● Exercise description: Line count for the string "over" in the records below: report that figure and nothing else.
Segment Start: Information
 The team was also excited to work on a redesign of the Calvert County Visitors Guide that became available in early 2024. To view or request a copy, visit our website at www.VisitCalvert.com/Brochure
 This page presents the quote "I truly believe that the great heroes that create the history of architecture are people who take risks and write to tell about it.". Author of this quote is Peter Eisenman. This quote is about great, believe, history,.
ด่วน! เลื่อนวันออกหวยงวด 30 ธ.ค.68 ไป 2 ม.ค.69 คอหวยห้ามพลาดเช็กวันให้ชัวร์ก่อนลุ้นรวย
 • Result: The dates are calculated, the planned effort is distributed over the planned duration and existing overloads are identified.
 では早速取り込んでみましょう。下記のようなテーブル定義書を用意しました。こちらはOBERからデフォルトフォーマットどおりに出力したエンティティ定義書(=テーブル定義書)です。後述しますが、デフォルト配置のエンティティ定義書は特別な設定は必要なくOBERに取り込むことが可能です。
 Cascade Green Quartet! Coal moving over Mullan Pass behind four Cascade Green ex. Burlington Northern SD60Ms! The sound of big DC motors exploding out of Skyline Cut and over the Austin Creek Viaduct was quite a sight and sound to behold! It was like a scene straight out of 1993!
Segment End: Information
Segment Start: Information
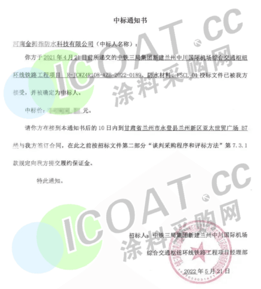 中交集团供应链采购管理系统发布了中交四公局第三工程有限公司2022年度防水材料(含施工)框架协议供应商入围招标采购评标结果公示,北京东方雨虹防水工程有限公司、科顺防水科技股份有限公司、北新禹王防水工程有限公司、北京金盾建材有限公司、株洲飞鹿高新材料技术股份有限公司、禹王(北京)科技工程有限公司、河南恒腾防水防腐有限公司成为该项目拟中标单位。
Segment End: Information
● Answer below: 2